··· INPUT RECORDS

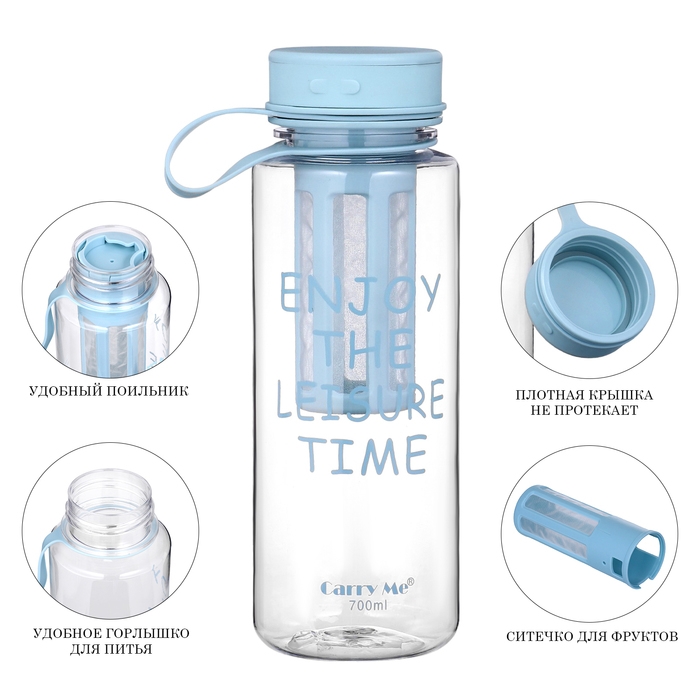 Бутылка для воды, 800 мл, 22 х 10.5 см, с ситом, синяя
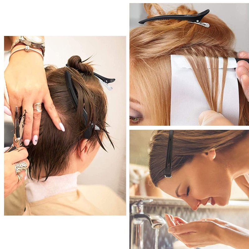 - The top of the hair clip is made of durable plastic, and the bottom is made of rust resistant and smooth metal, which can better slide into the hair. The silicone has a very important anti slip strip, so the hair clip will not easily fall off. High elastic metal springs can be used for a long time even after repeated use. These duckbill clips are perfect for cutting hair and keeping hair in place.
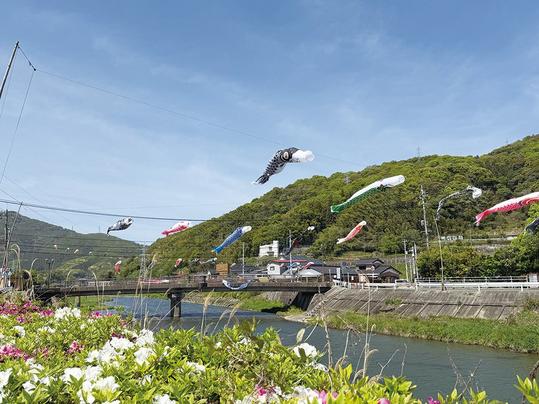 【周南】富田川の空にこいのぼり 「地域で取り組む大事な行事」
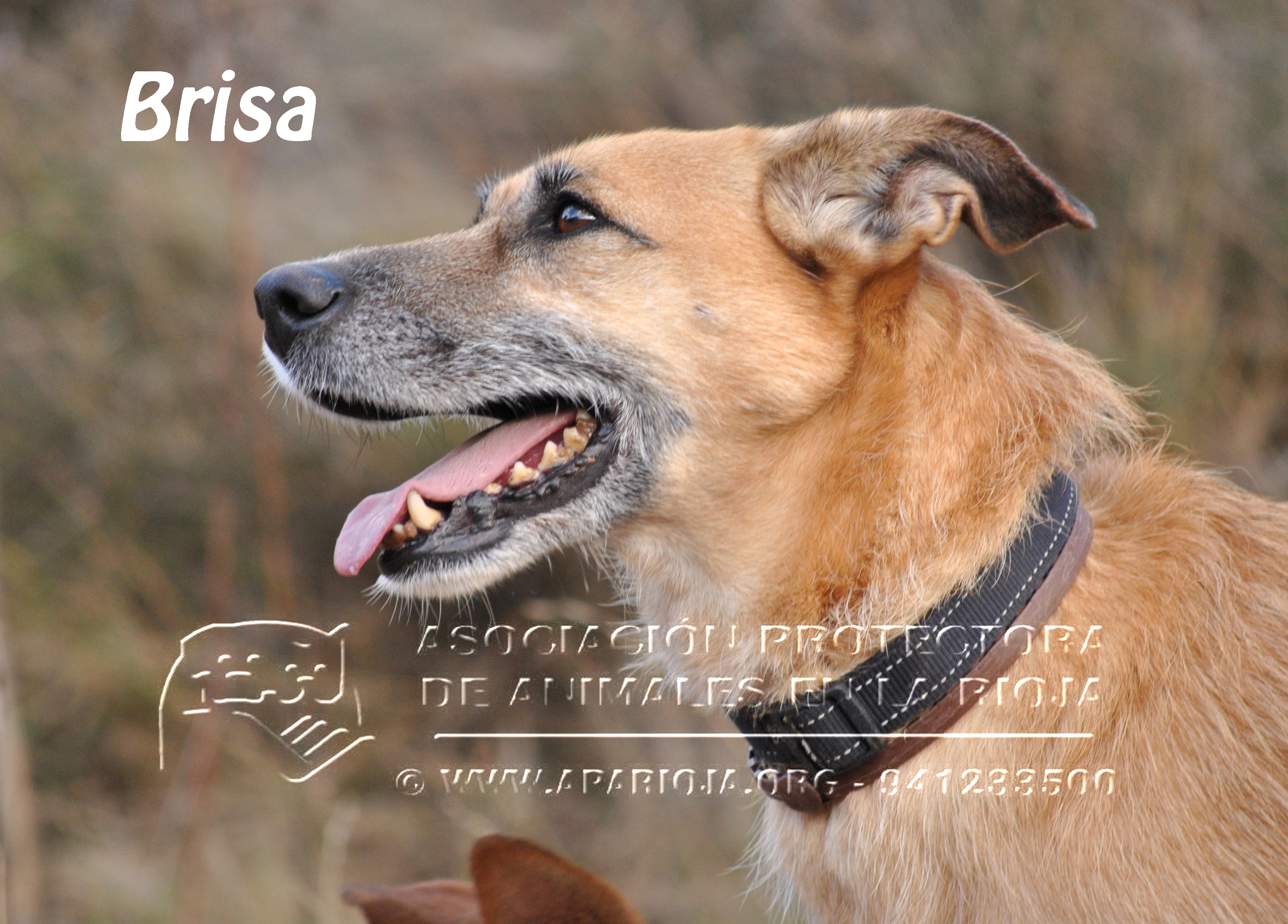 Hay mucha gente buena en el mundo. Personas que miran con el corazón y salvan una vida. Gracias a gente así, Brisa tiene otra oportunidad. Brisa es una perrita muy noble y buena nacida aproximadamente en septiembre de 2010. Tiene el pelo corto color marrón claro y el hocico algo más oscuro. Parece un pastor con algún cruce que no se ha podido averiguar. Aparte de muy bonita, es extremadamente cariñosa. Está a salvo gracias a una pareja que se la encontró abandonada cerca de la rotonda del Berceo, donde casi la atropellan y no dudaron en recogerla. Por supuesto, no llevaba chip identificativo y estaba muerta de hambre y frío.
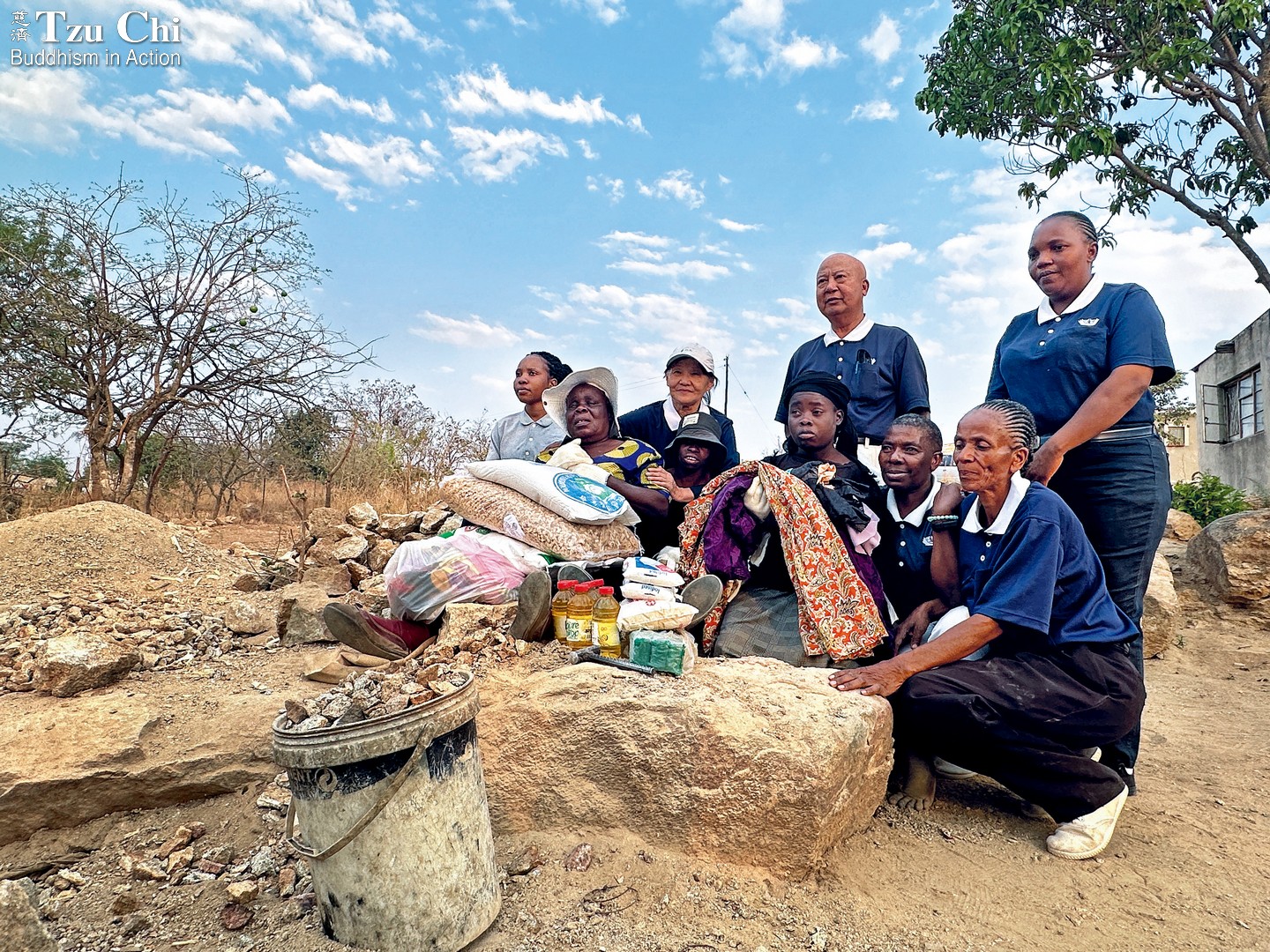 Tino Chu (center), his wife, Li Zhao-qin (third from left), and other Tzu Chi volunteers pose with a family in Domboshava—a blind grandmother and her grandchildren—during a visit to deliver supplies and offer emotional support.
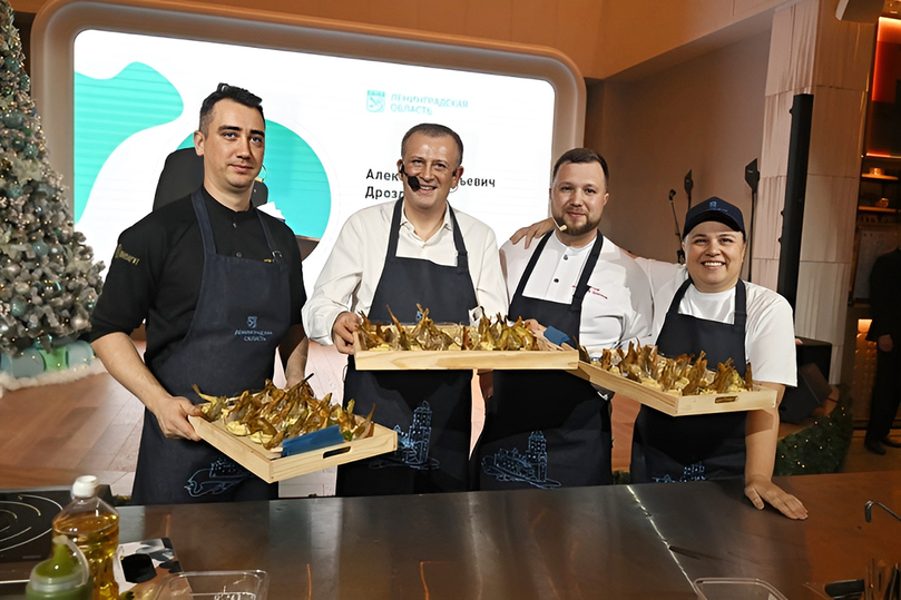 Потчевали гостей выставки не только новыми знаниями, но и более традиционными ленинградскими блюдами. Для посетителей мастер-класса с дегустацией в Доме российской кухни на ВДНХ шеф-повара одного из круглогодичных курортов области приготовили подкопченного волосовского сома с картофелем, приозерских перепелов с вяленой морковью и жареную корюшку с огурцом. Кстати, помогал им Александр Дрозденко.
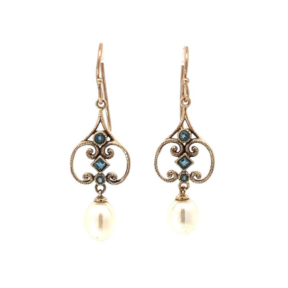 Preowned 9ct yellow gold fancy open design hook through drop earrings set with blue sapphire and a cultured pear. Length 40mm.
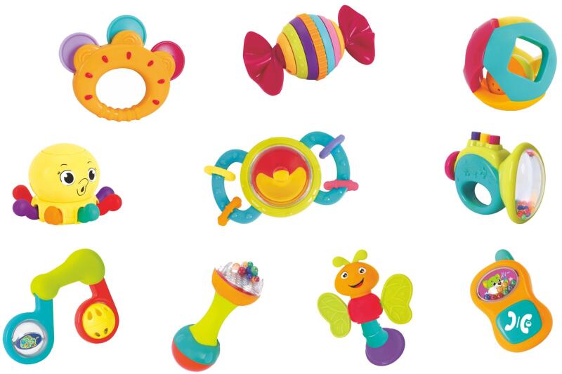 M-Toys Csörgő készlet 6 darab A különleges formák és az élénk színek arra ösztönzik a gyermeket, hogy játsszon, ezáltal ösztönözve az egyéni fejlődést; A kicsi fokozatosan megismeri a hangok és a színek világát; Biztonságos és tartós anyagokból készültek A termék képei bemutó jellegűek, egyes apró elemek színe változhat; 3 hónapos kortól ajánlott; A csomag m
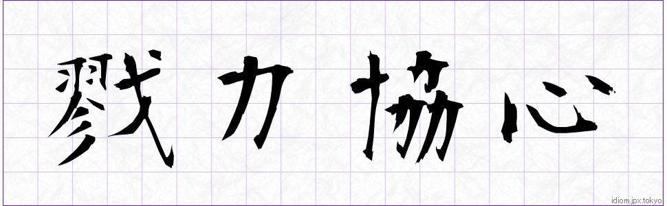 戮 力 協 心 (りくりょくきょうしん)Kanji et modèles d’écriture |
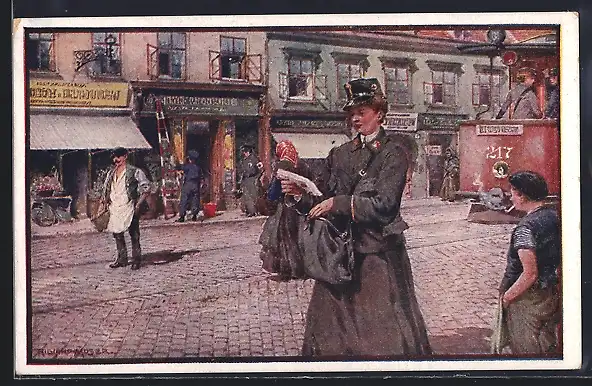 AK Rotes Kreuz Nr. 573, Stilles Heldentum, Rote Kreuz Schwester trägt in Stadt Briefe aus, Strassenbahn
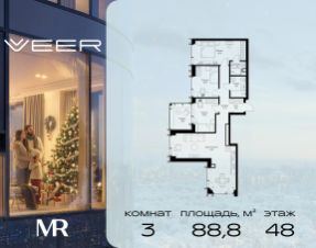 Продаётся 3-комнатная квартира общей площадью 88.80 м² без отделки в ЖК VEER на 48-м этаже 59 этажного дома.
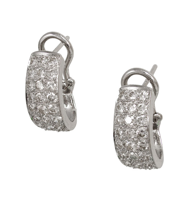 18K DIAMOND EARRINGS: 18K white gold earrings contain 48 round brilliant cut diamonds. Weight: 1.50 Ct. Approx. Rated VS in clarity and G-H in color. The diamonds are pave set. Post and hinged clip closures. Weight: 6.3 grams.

······

EXERCISE AIM ▸ Please transcribe exactly the part of the records that opens with the line containing "Потчевали гостей выставки" and closes with the line containing "Preowned 9ct yellow", both ends included, and leave out the pictures.

RESPONSE ▸
 Потчевали гостей выставки не только новыми знаниями, но и более традиционными ленинградскими блюдами. Для посетителей мастер-класса с дегустацией в Доме российской кухни на ВДНХ шеф-повара одного из круглогодичных курортов области приготовили подкопченного волосовского сома с картофелем, приозерских перепелов с вяленой морковью и жареную корюшку с огурцом. Кстати, помогал им Александр Дрозденко.
 Preowned 9ct yellow gold fancy open design hook through drop earrings set with blue sapphire and a cultured pear. Length 40mm.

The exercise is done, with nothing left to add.